Dataset entries

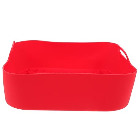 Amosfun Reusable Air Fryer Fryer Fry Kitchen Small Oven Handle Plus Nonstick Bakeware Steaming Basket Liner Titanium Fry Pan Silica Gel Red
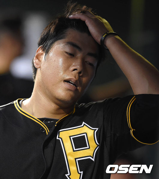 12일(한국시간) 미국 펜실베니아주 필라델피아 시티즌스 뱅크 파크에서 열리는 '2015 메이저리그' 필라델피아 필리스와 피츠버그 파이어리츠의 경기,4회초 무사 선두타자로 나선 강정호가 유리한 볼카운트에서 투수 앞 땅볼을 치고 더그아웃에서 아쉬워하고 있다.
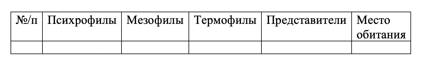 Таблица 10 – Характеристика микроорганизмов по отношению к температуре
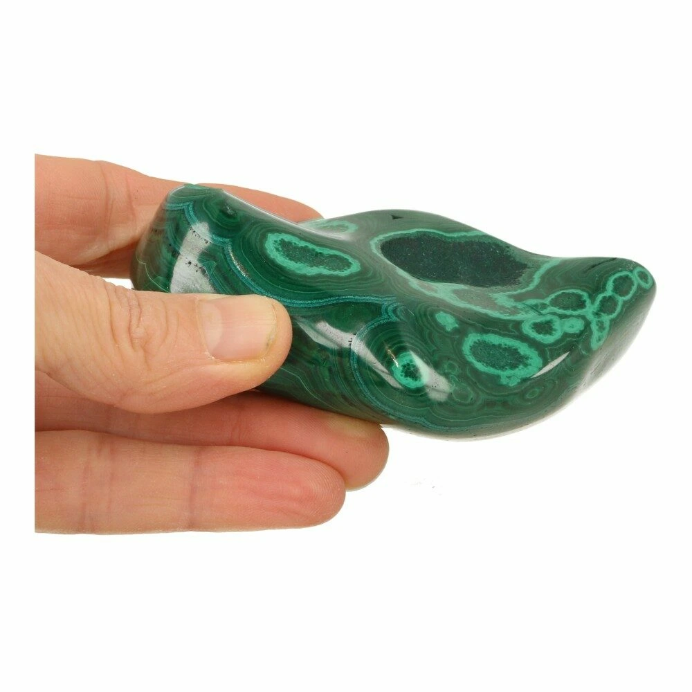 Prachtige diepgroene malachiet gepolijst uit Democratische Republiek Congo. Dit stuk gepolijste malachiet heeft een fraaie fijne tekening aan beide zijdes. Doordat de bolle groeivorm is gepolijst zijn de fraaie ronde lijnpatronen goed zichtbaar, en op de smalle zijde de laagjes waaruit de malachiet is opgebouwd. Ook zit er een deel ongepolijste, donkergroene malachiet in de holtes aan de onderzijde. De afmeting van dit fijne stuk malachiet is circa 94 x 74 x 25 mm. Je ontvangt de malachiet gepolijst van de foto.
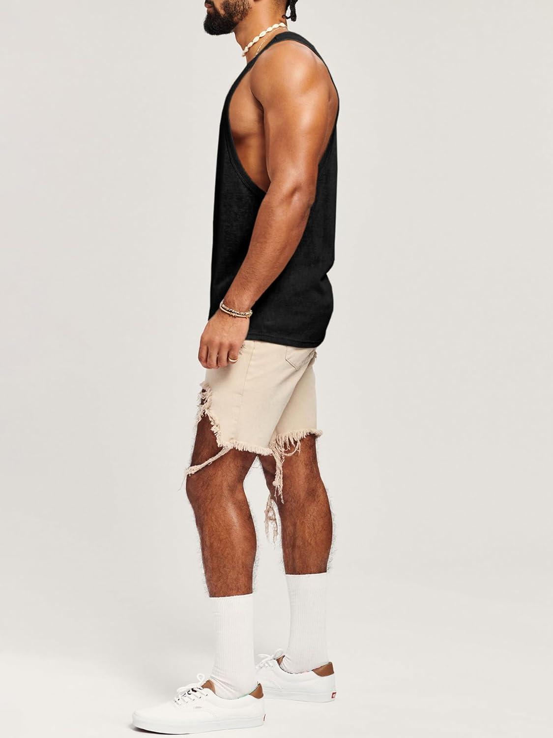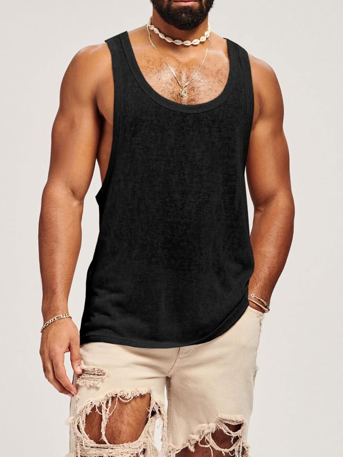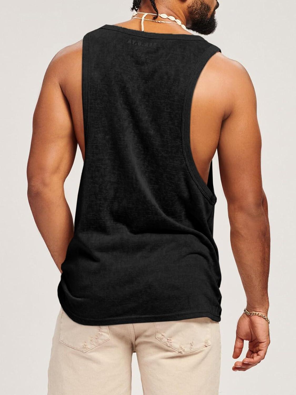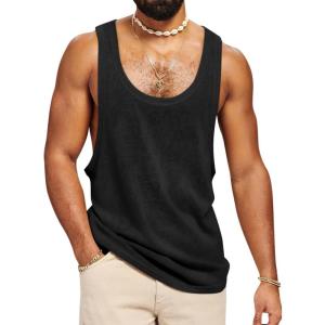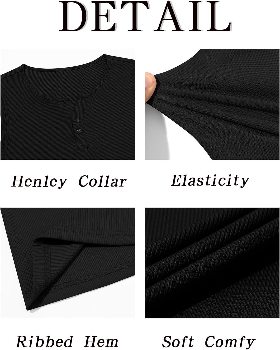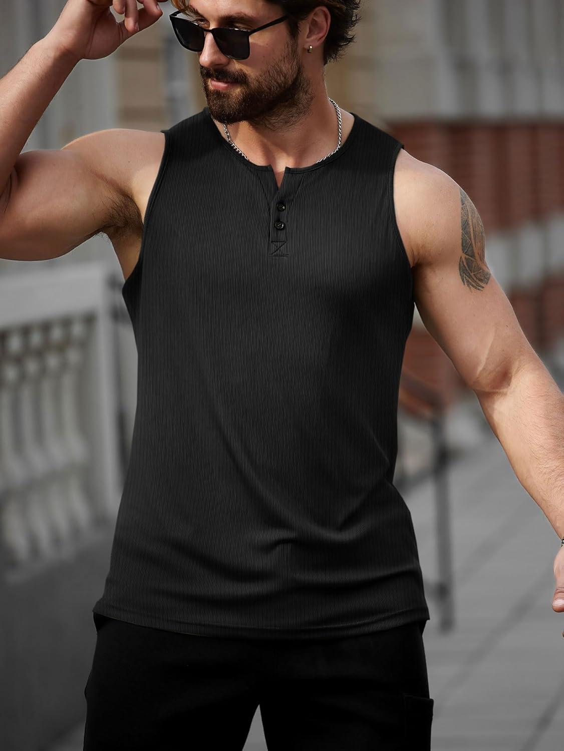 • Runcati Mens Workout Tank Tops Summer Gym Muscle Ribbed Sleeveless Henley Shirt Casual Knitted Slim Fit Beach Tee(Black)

Exercise requirements - All of the entries above should be copied exactly, with the images left out.

Response to the exercise -
 Amosfun Reusable Air Fryer Fryer Fry Kitchen Small Oven Handle Plus Nonstick Bakeware Steaming Basket Liner Titanium Fry Pan Silica Gel Red
 12일(한국시간) 미국 펜실베니아주 필라델피아 시티즌스 뱅크 파크에서 열리는 '2015 메이저리그' 필라델피아 필리스와 피츠버그 파이어리츠의 경기,4회초 무사 선두타자로 나선 강정호가 유리한 볼카운트에서 투수 앞 땅볼을 치고 더그아웃에서 아쉬워하고 있다.
 Таблица 10 – Характеристика микроорганизмов по отношению к температуре
 Prachtige diepgroene malachiet gepolijst uit Democratische Republiek Congo. Dit stuk gepolijste malachiet heeft een fraaie fijne tekening aan beide zijdes. Doordat de bolle groeivorm is gepolijst zijn de fraaie ronde lijnpatronen goed zichtbaar, en op de smalle zijde de laagjes waaruit de malachiet is opgebouwd. Ook zit er een deel ongepolijste, donkergroene malachiet in de holtes aan de onderzijde. De afmeting van dit fijne stuk malachiet is circa 94 x 74 x 25 mm. Je ontvangt de malachiet gepolijst van de foto.
 • Runcati Mens Workout Tank Tops Summer Gym Muscle Ribbed Sleeveless Henley Shirt Casual Knitted Slim Fit Beach Tee(Black)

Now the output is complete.